- Geographic distribution: southwestern Chad and northern Cameroon
- Linguistic classification: Afro-AsiaticChadicMasa; ;
- Subdivisions: North Masa; South Masa;

Language codes
- Glottolog: masa1323

= Masa languages =

The Masa languages are a group of closely related Chadic languages of southwestern Chad and northern Cameroon.

==Languages==
The Masa languages listed in Blench (2006) are:

- Masa
  - North
    - Massa (Masana)
    - ? Zumaya (†)
    - Musey–Azumeina
      - Musey
      - Azumeina (Marba)
  - South
    - Mesmé
    - Peve–Kaɗo
      - Pévé
      - Ngeté-Herdé

The exonym Zime is used for the Herdé, Ngeté, Pévé, and Mesmé.
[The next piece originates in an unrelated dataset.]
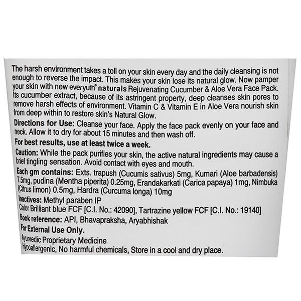 Try Everyuth Naturals Skin Firming Cucumber Face Pack with Nano Multi-Vita and Cucumber Extracts. The harsh surroundings takes a toll in your pores and skin on a regular basis, just washing your face wont help to get rid of the dirt accumulated in the pores. Now pamper your pores and skin with this face pack. Its cucumber extract, on account of its astringent belongings, deeply cleanses pores to take away harsh results of surroundings while Vitamin C and Vitamin E in aloe vera nourish pores and skin from deep inside to revive its herbal glow.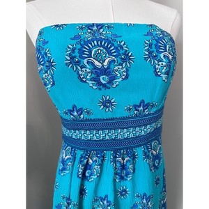 Boho Trägerloses Maxikleid Blau Türkis Blumenmuster Sommer Freizeit

Similarly, Kaɗo is a generic name for the Peve–Kaɗo languages, a couple of which are called Lamé as well.

===Shryock (1997)===
Shryock (1997: 32) subgroups the Masa languages as:
- Zumaya †
- North: Masa; Musey; Marba, Monogoy
- South: Zime; Peve; Heɗe-Ngiɗe

==Numerals==
Comparison of numerals in individual languages:

| Language | 1 | 2 | 3 | 4 | 5 | 6 | 7 | 8 | 9 | 10 |
|---|---|---|---|---|---|---|---|---|---|---|
| Herdé (Zime) | ɗàw | hʷóèɓ | hī́ndʒìʔ | fíɗíʔ | vàɬ | kāŋɡīʔ | sēɗā | tʃɔ̀hòʔ | tēfer̄ɗɛw | ɡùɓ |
| Marba (1) | tú | mbà | híndí | fíɗí | váɬ | kárɡéyá | kíɗìzíyà | ʔàklávándí | ɬéŋá | dóɡò |
| Marba (2) | tù | mbà | ɦìndí | fíɗí | vàɬ | kàraɡàyà | sìdìzìjá | klàvàndì | ɮèèŋà | dòk / dòɡò |
| Masana (Massa) | kèp, tù, tùm | màʔ | ɦìdí | fìɗì | vàɬ | kàrɡìjà | sìdìjà | ɡlàvàndí | ɮèŋè | dòòk |
| Mesme (Zime) | ɗāw | hɔ̀ɓ | hīndì | fíɗí | vàtl | kāndī | sēɗā | tʃɔ̃hō̃ | tɛ̄rfīɗɛ̄w | ɡùɓ / ɡùp |
| Musey (Musei) (1) | dèw | ɓà | híndí | fídí | fàɬ | kárɡìyá | kídísìyá | kálvàndì | ɬèŋŋè | dòɡò |
| Musey (Musei) (2) | dèw | mbà | ɦìndì | fídí | vàɬ | kàrɡìjá | kìdìzìjá | kàlvàndì | ɮèŋè | dòk / dòɡò |
| Pévé (1) | ɗaw | hoɓ | hínjiʔ | fə́ɗiʔ | váɬ | kánkiʔ | syéɗaʔ * | tsóhoʔ | tʃéfaɗew | ɡuɓ |
| Pévé (2) | ɗao | hwōɓ | hínjī | fúɗī | vātl | kánkí | sédā | tʃóhō | tʃéfāɗēo | ɡwúɓ |

==See also==
- List of Proto-Masa reconstructions (Wiktionary)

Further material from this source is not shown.